Task to complete
The exercise calls for exact output of the lines between the one that contains "卞美丽,兖州区大安镇西北店村" and the end of the data, with both ends kept and pictures left out.

[[ Supplied information, beginning ]]

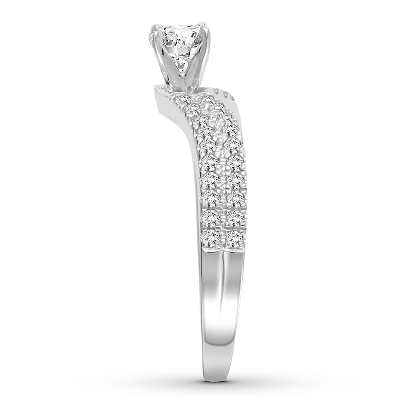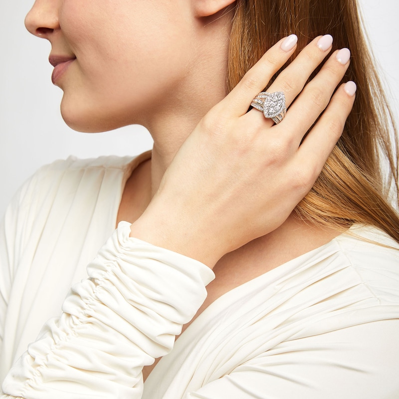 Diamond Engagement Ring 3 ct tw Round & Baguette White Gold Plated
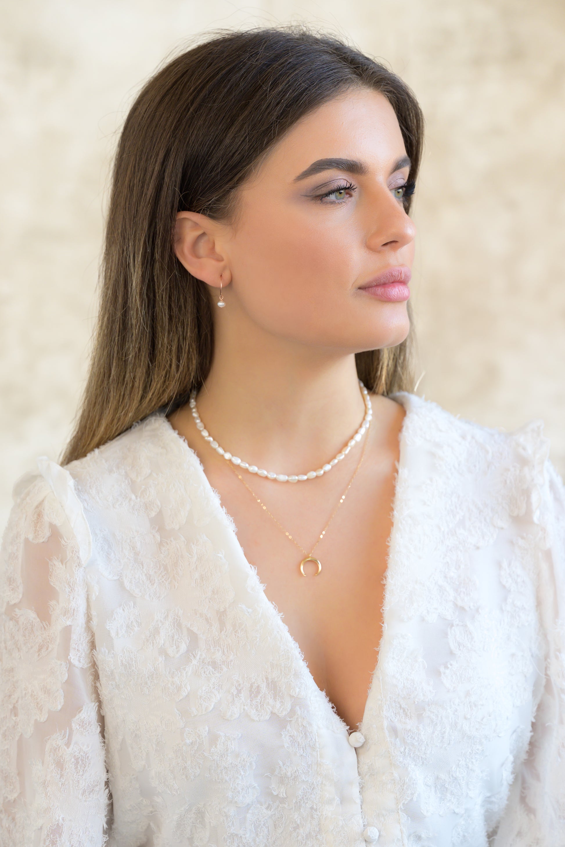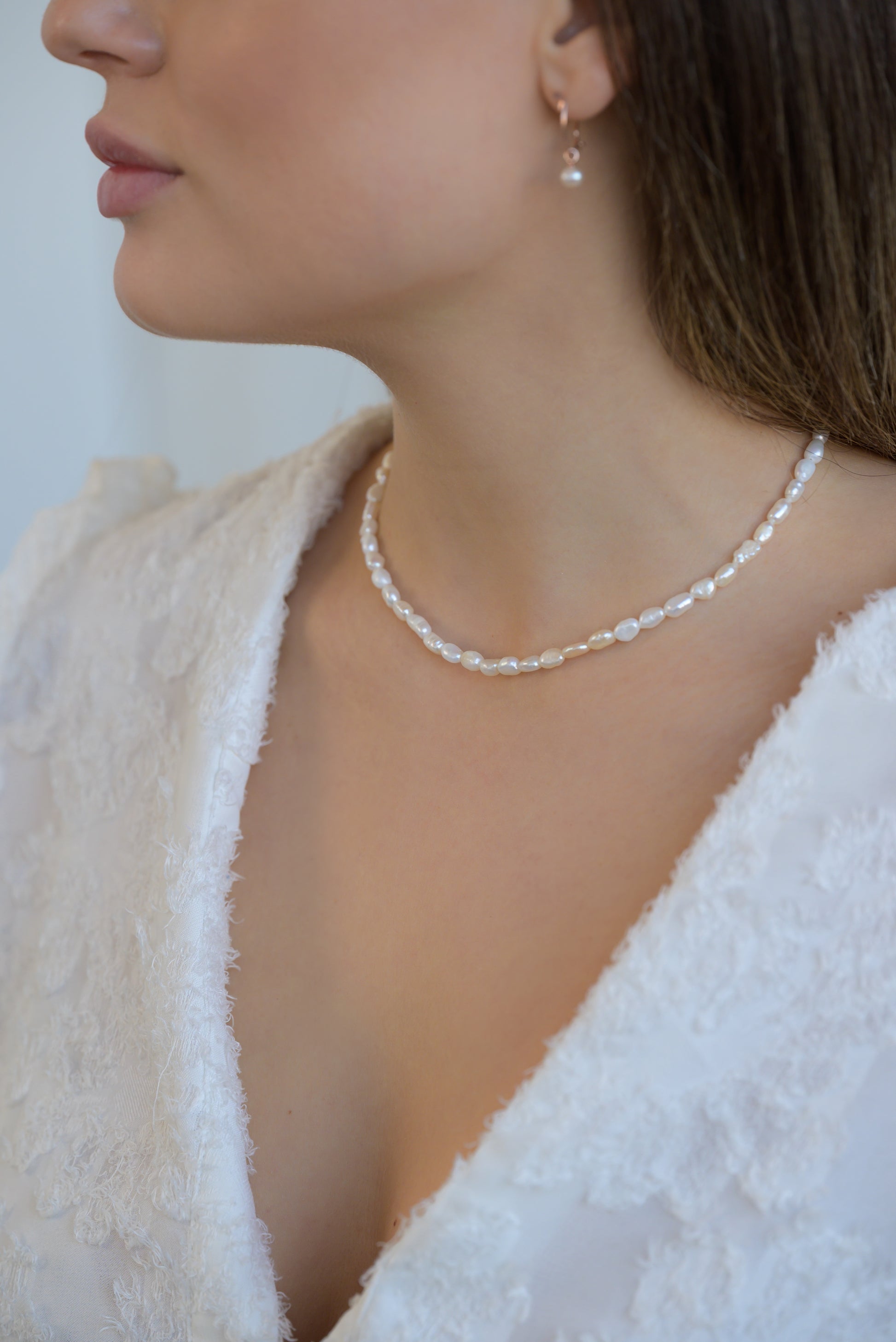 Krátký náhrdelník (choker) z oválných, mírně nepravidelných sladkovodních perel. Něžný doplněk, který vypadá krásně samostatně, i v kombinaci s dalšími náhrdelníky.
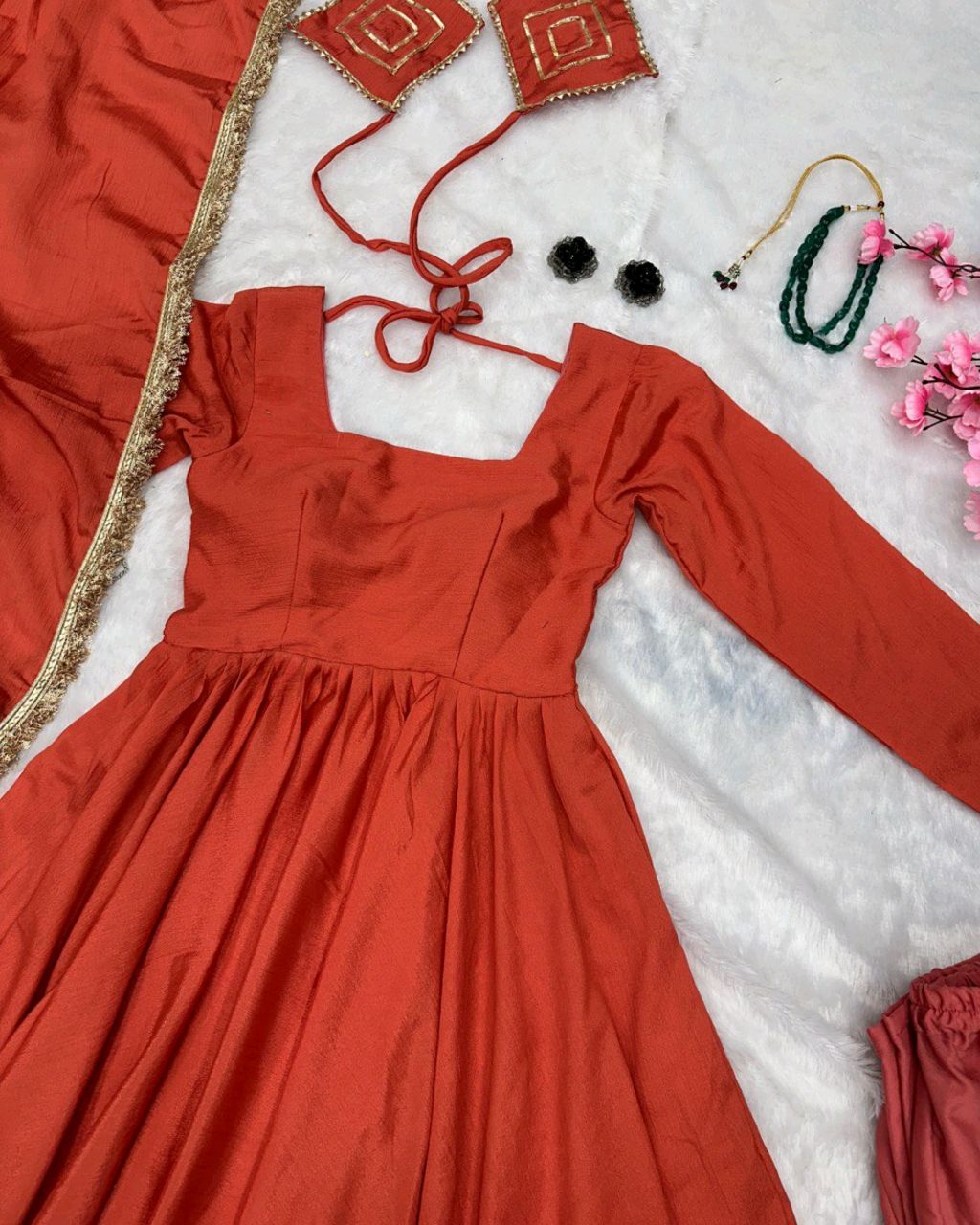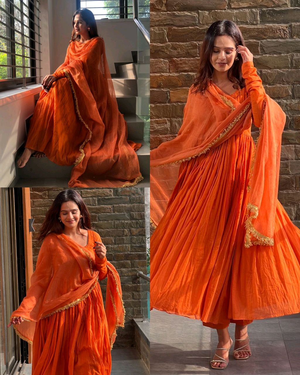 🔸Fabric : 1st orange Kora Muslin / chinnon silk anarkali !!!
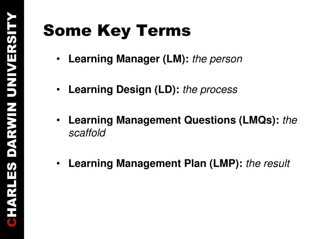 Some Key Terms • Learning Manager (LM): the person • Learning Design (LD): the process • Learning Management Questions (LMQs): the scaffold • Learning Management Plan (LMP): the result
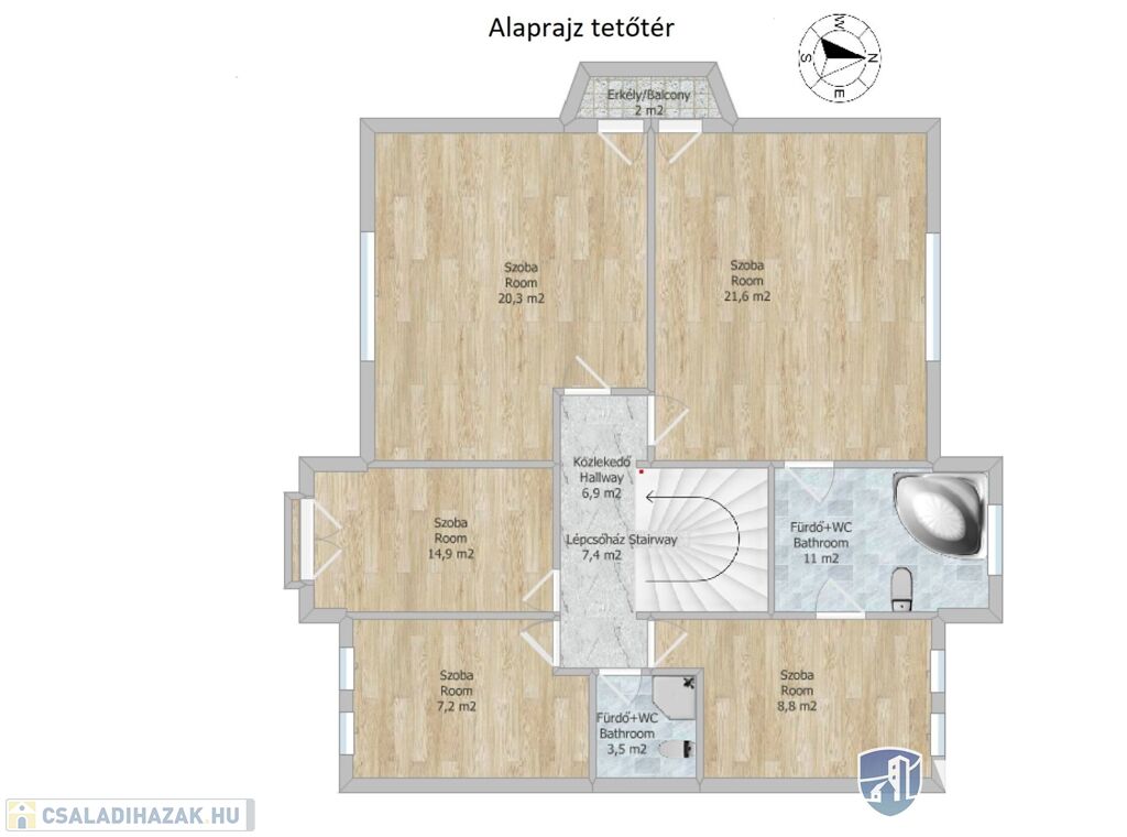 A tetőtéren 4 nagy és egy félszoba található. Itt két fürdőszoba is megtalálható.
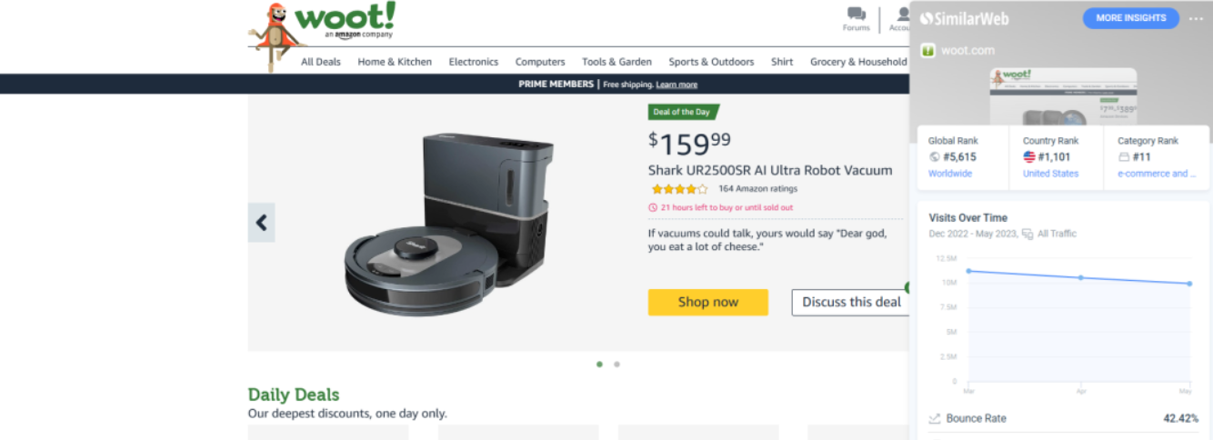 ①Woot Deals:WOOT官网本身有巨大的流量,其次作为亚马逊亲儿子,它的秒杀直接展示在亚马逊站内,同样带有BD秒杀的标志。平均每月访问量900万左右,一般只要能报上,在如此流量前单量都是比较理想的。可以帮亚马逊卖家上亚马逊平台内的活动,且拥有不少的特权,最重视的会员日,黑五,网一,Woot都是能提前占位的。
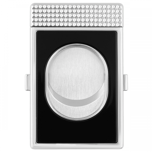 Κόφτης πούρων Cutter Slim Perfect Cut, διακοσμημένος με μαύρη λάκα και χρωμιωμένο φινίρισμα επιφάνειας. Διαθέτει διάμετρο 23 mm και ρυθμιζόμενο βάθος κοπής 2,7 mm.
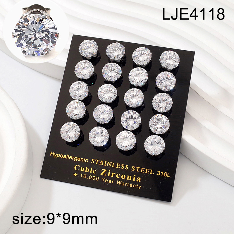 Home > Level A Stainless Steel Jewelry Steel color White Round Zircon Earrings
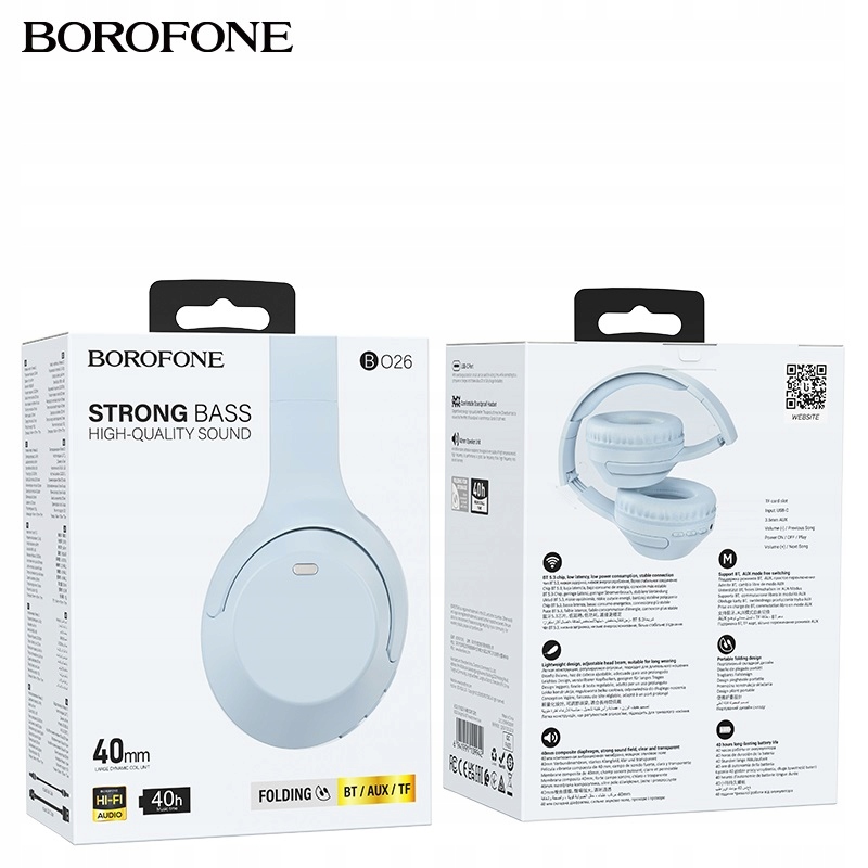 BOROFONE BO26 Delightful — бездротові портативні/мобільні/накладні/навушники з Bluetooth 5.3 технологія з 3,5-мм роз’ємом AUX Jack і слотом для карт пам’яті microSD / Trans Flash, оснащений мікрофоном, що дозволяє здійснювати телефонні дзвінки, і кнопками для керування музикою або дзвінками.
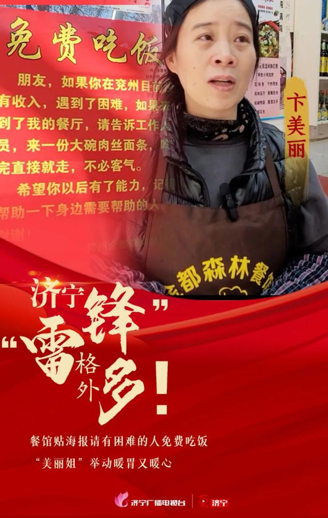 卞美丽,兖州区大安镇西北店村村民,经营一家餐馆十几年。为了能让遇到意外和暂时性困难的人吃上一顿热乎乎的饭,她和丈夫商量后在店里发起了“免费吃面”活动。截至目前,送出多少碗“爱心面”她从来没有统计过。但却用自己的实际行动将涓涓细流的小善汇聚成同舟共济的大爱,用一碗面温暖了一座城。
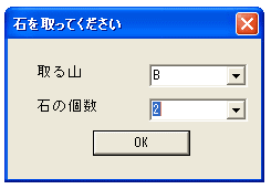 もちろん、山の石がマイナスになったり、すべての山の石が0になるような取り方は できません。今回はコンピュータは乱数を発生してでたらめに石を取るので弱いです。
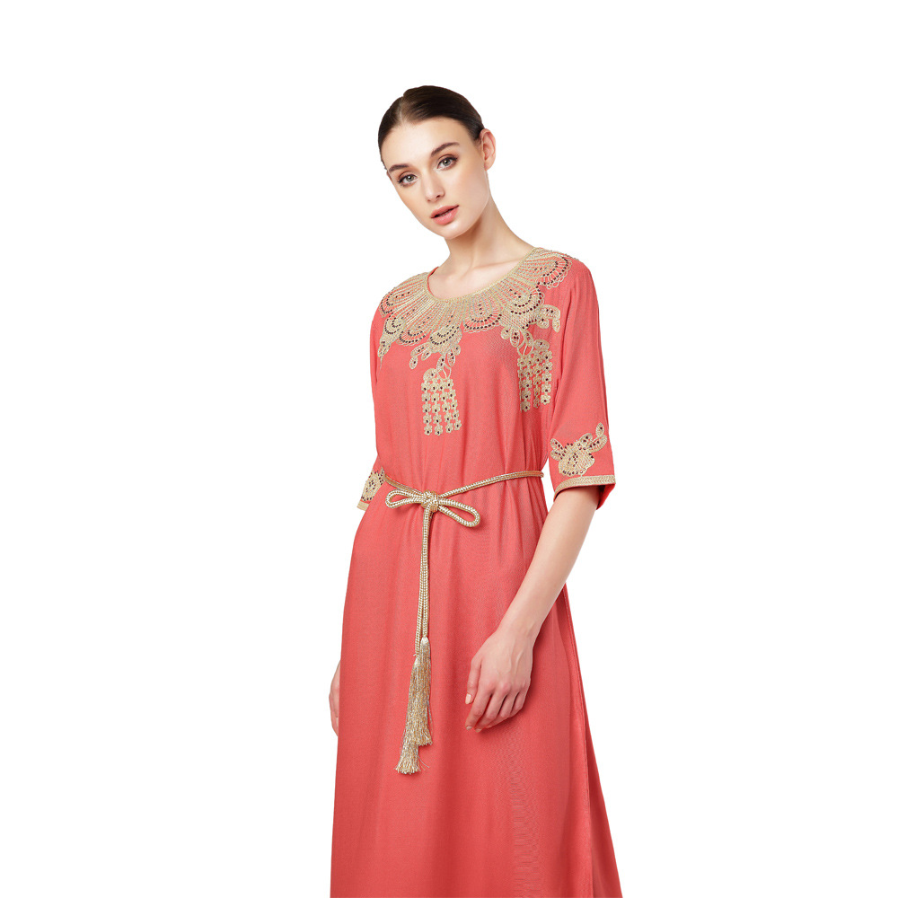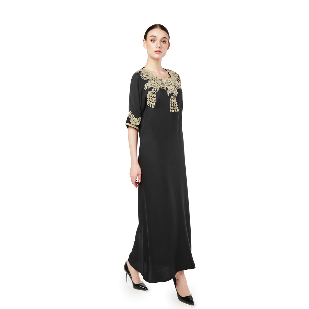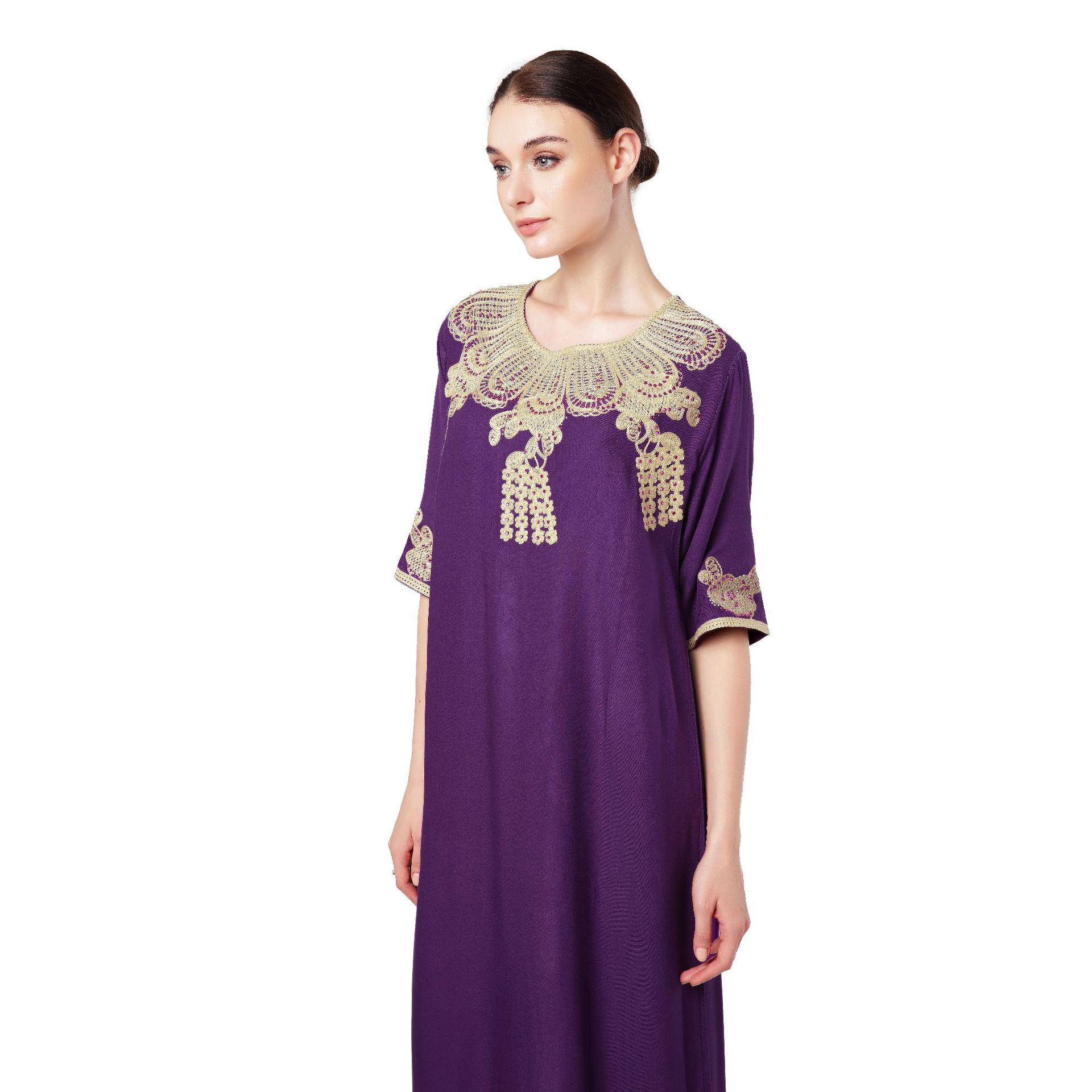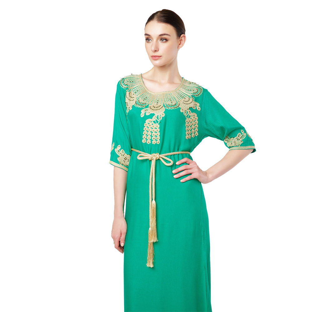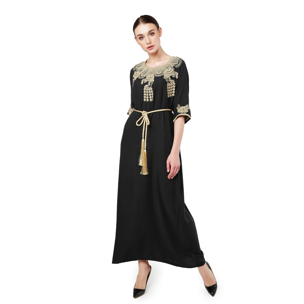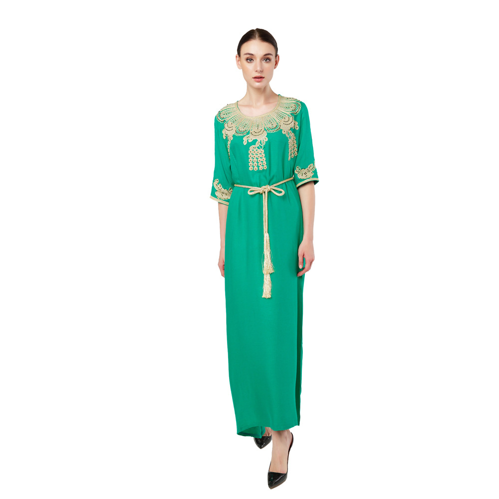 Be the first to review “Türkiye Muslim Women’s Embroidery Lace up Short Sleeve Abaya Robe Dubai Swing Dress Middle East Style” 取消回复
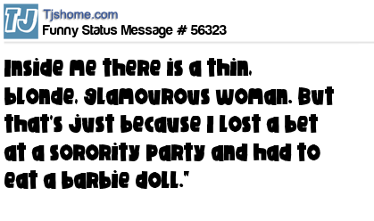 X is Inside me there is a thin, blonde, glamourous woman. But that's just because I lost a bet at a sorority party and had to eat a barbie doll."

[[ Supplied information, end ]]

Result for this exercise
 卞美丽,兖州区大安镇西北店村村民,经营一家餐馆十几年。为了能让遇到意外和暂时性困难的人吃上一顿热乎乎的饭,她和丈夫商量后在店里发起了“免费吃面”活动。截至目前,送出多少碗“爱心面”她从来没有统计过。但却用自己的实际行动将涓涓细流的小善汇聚成同舟共济的大爱,用一碗面温暖了一座城。
 もちろん、山の石がマイナスになったり、すべての山の石が0になるような取り方は できません。今回はコンピュータは乱数を発生してでたらめに石を取るので弱いです。
 Be the first to review “Türkiye Muslim Women’s Embroidery Lace up Short Sleeve Abaya Robe Dubai Swing Dress Middle East Style” 取消回复
 X is Inside me there is a thin, blonde, glamourous woman. But that's just because I lost a bet at a sorority party and had to eat a barbie doll."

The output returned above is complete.